**AIM OF THE TASK**.
Your answer should be the full data, transcribed exactly, with no pictures in it.

**RECORD EXTRACTS**.
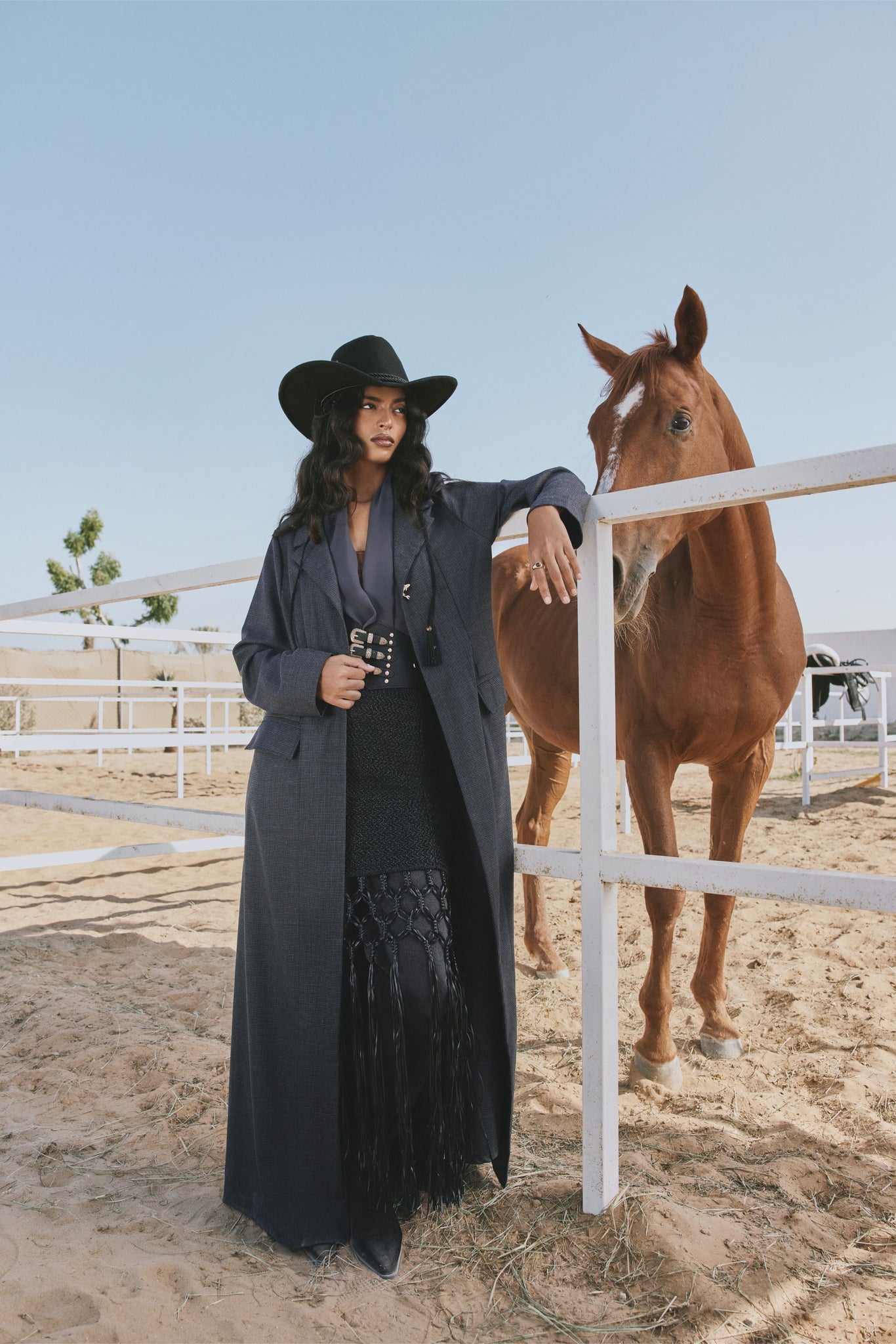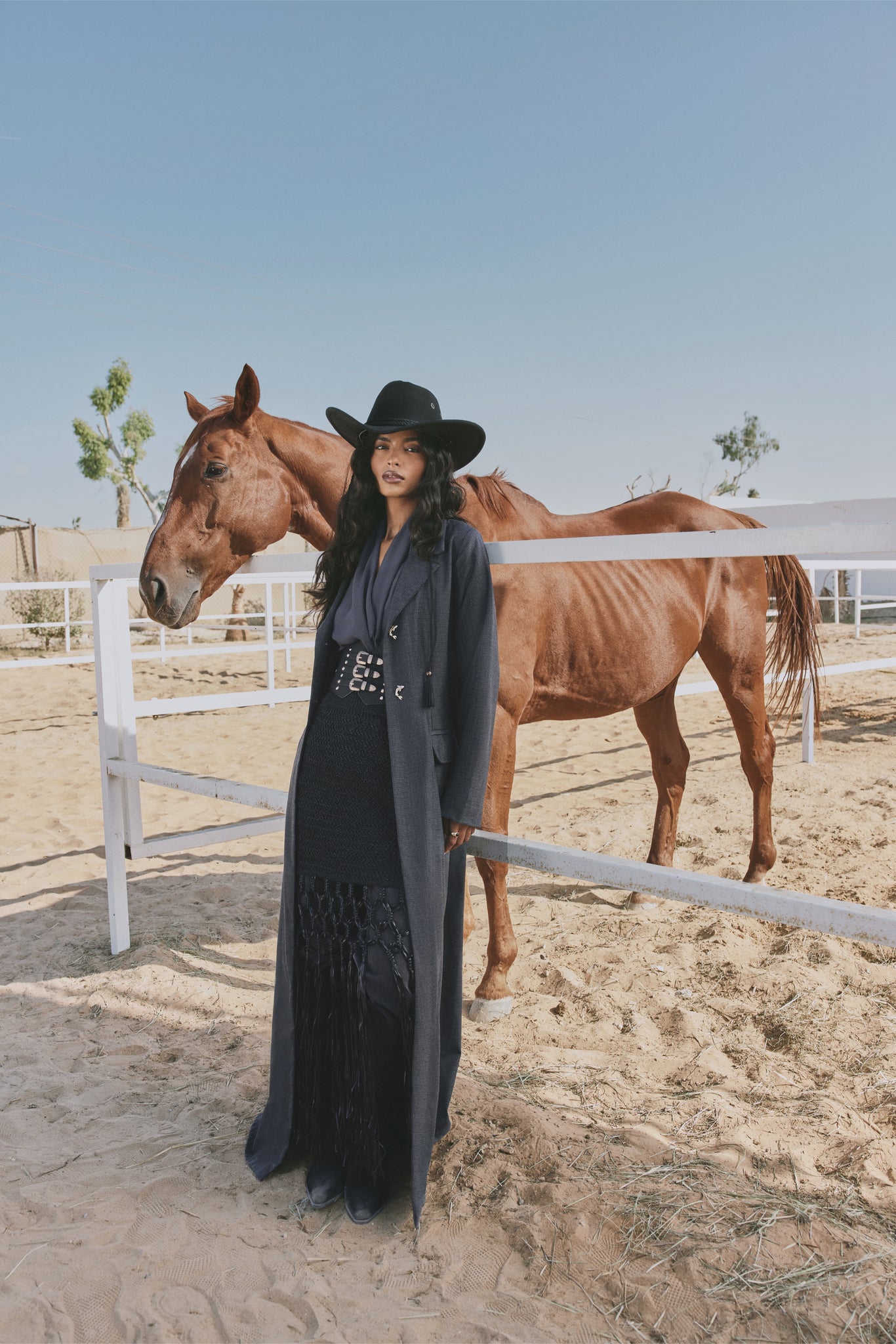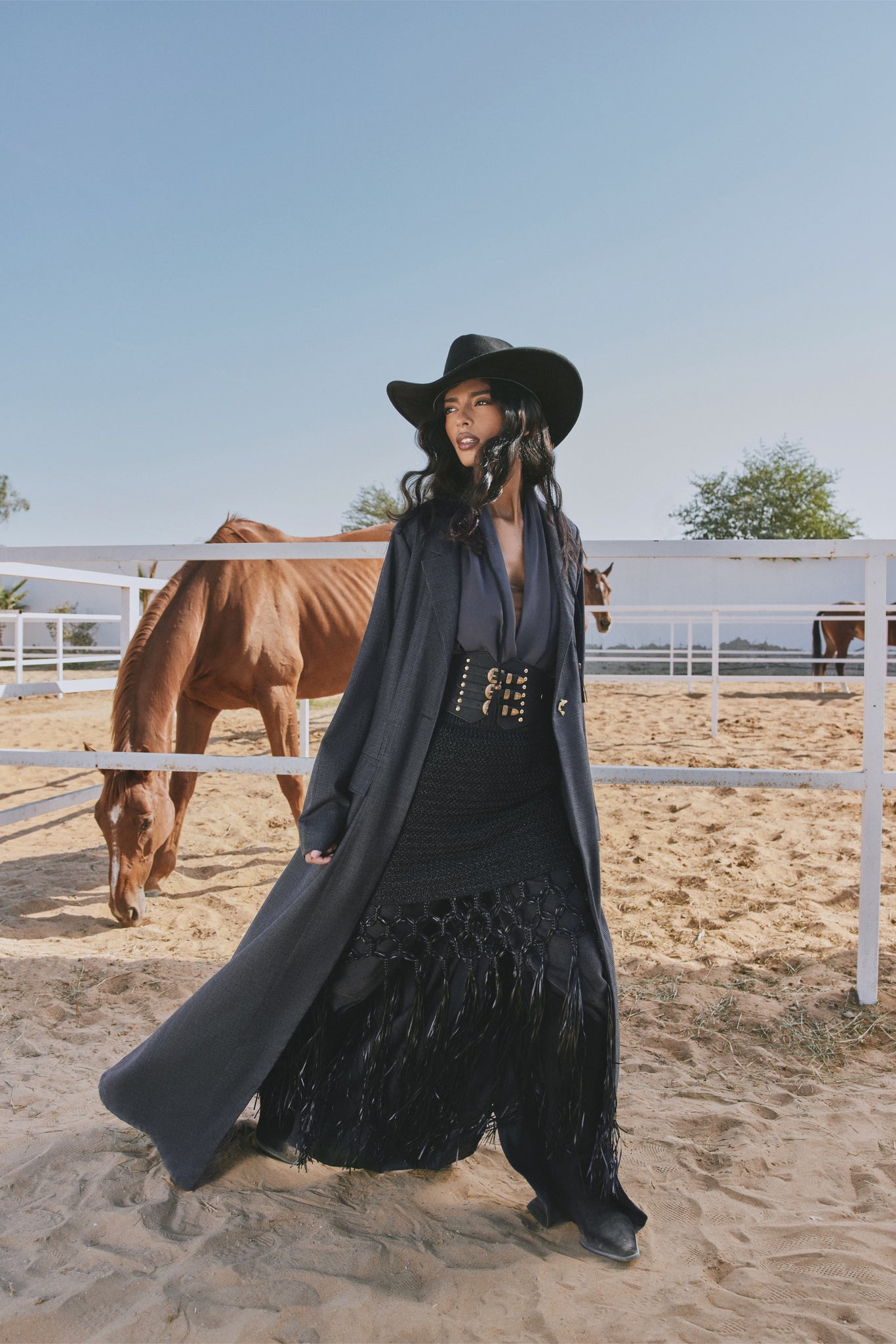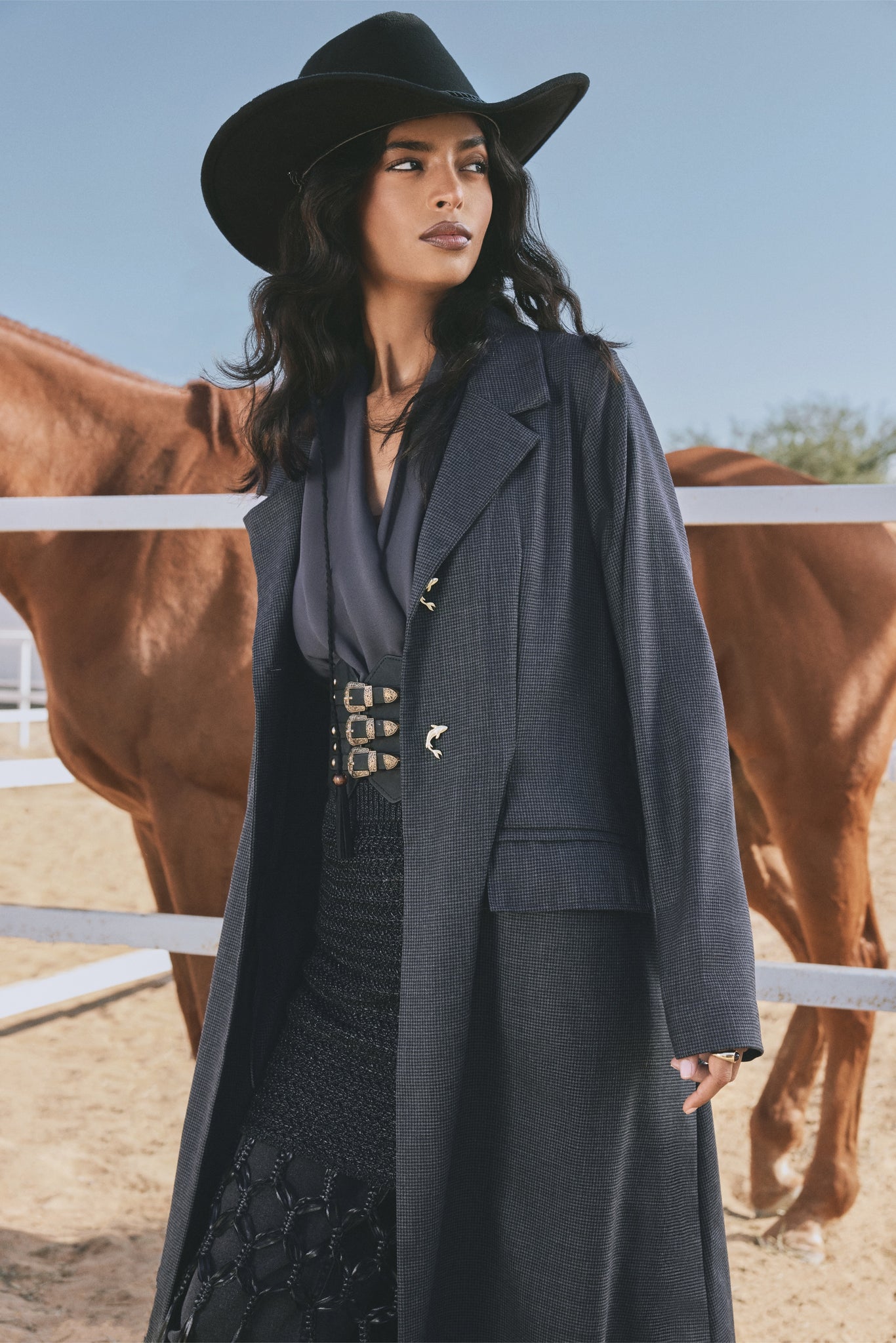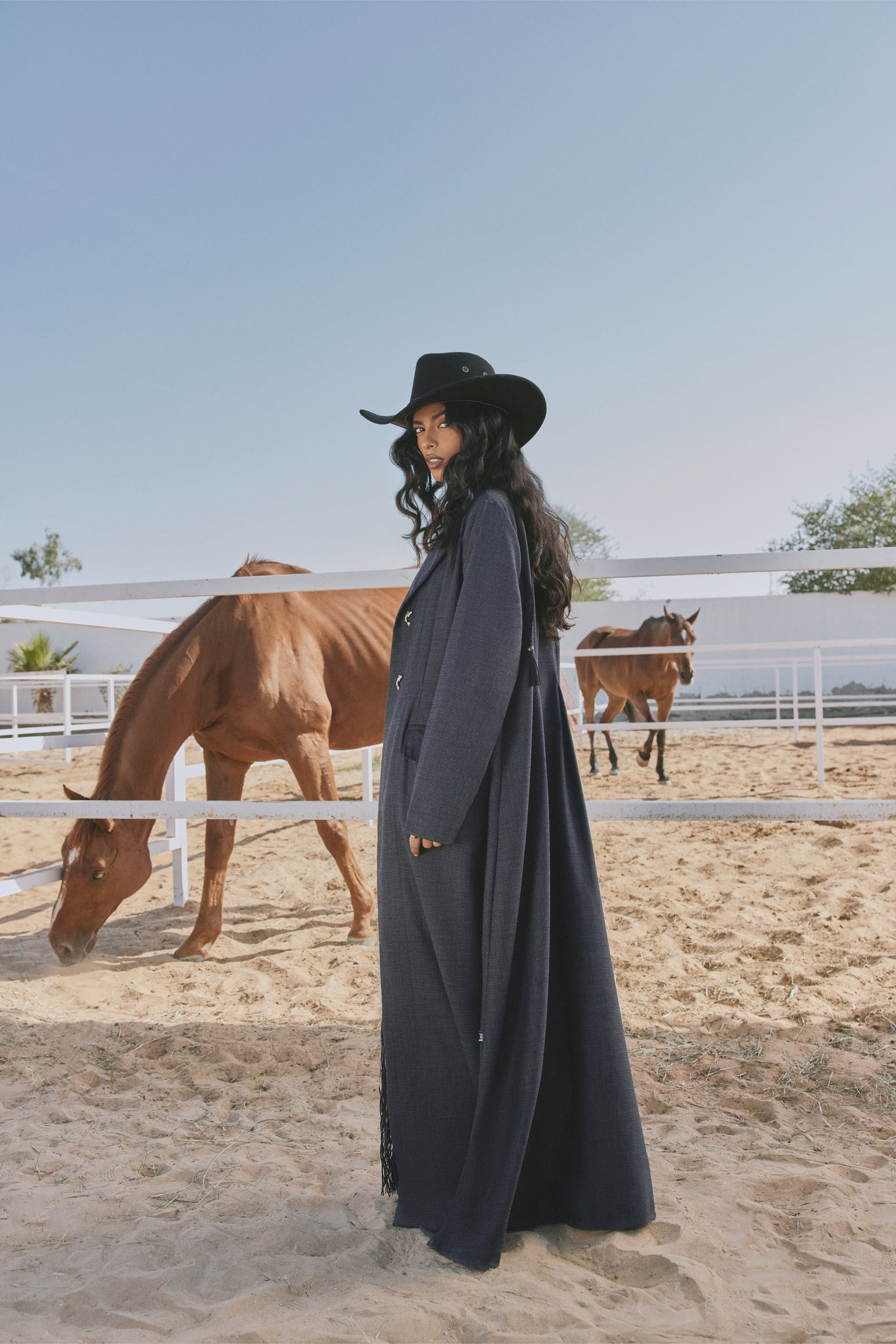 he Lyn Abaya brings a modern Western edge to classic tailoring. Crafted in deep charcoal fabric, it features a structured silhouette, fluid movement, and KOI’s signature gold button for a refined finish. Layered over a textured skirt with statement fringe, this look blends sophistication with bold cowgirl-inspired flair — perfect for day or evening wear.
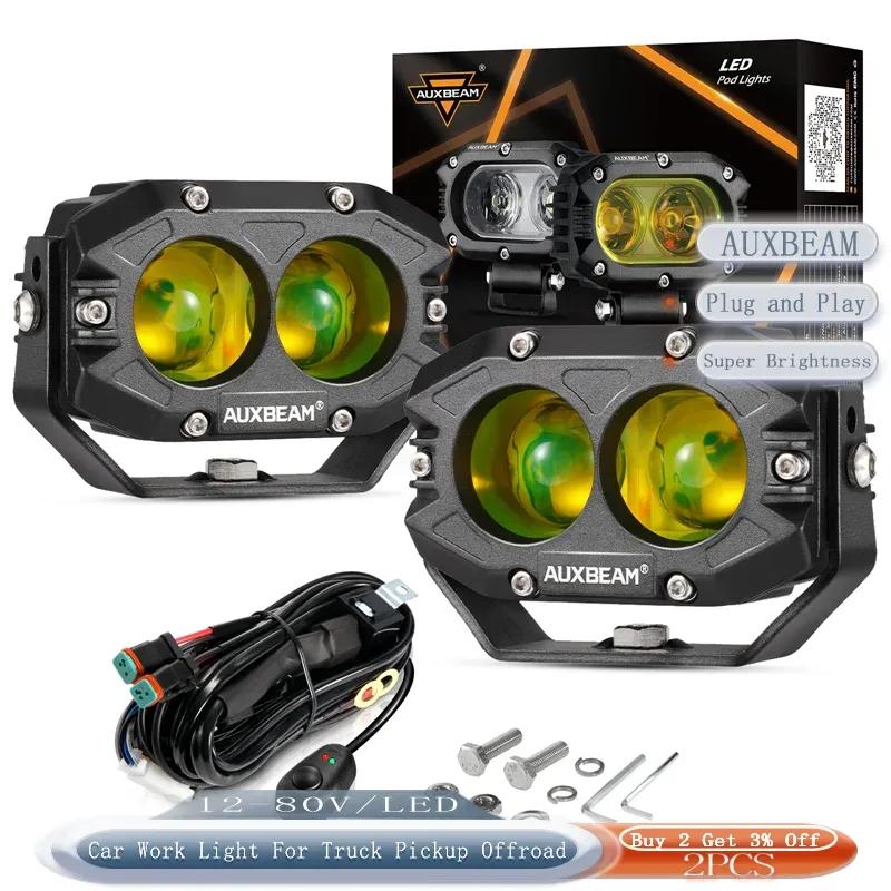 Auxbeam DC 12-80V 4 Inch Square Spot Light LED Work Light with Harness for Truck Pickup Offroad PCB Lens Aluminum alloy shell
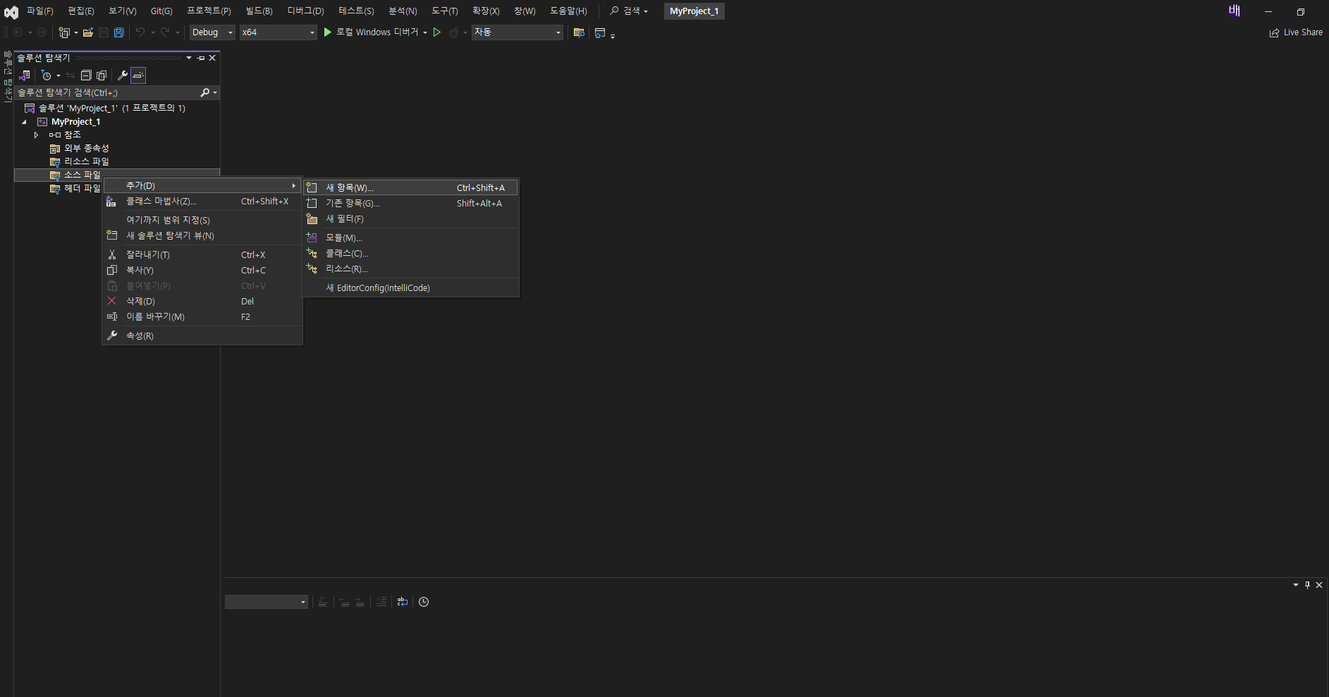 소스파일 마우스 오른쪽 버튼을 클릭하여 파업메뉴가 나오면 추가 -> 새 항목 클릭.
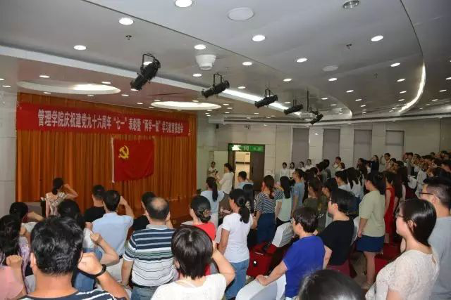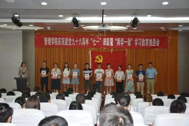 大会在庄严的国际歌声中拉开序幕。在鲜艳的党旗下,院党委书记邢瑞芳带领新党员进行了入党宣誓,与会老党员也一起重温了入党誓词。接着,副书记张冬梅宣读学校党委和学院党委的表彰决定,学院党政领导对“五好”党支部、“两学一做”学习教育基层党组织书记讲课优秀个人,学院先进党支部和优秀党员颁发荣誉证书和奖品。
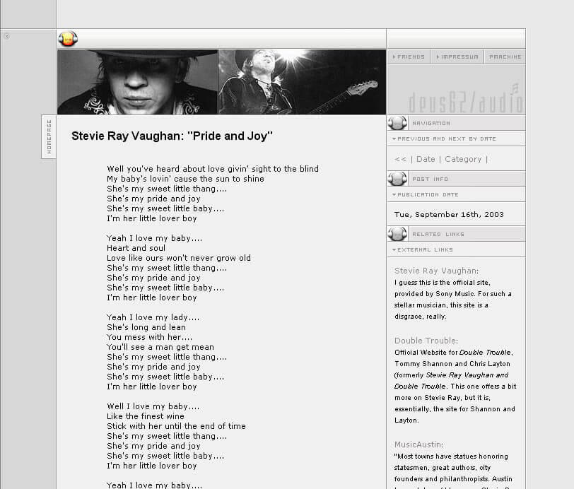 So, employing David Siegel's tricks, I designed a more structured layout in 2002 when I finally came up with and bought the deus62.com domain, which was hosted by DomainFactory (they used to be excellent and have rapidly declined since they were bought by HostEurope, which was then gobbled up by GoDaddy).

**ANSWER SECTION**.
 he Lyn Abaya brings a modern Western edge to classic tailoring. Crafted in deep charcoal fabric, it features a structured silhouette, fluid movement, and KOI’s signature gold button for a refined finish. Layered over a textured skirt with statement fringe, this look blends sophistication with bold cowgirl-inspired flair — perfect for day or evening wear.
 Auxbeam DC 12-80V 4 Inch Square Spot Light LED Work Light with Harness for Truck Pickup Offroad PCB Lens Aluminum alloy shell
 소스파일 마우스 오른쪽 버튼을 클릭하여 파업메뉴가 나오면 추가 -> 새 항목 클릭.
 大会在庄严的国际歌声中拉开序幕。在鲜艳的党旗下,院党委书记邢瑞芳带领新党员进行了入党宣誓,与会老党员也一起重温了入党誓词。接着,副书记张冬梅宣读学校党委和学院党委的表彰决定,学院党政领导对“五好”党支部、“两学一做”学习教育基层党组织书记讲课优秀个人,学院先进党支部和优秀党员颁发荣誉证书和奖品。
 So, employing David Siegel's tricks, I designed a more structured layout in 2002 when I finally came up with and bought the deus62.com domain, which was hosted by DomainFactory (they used to be excellent and have rapidly declined since they were bought by HostEurope, which was then gobbled up by GoDaddy).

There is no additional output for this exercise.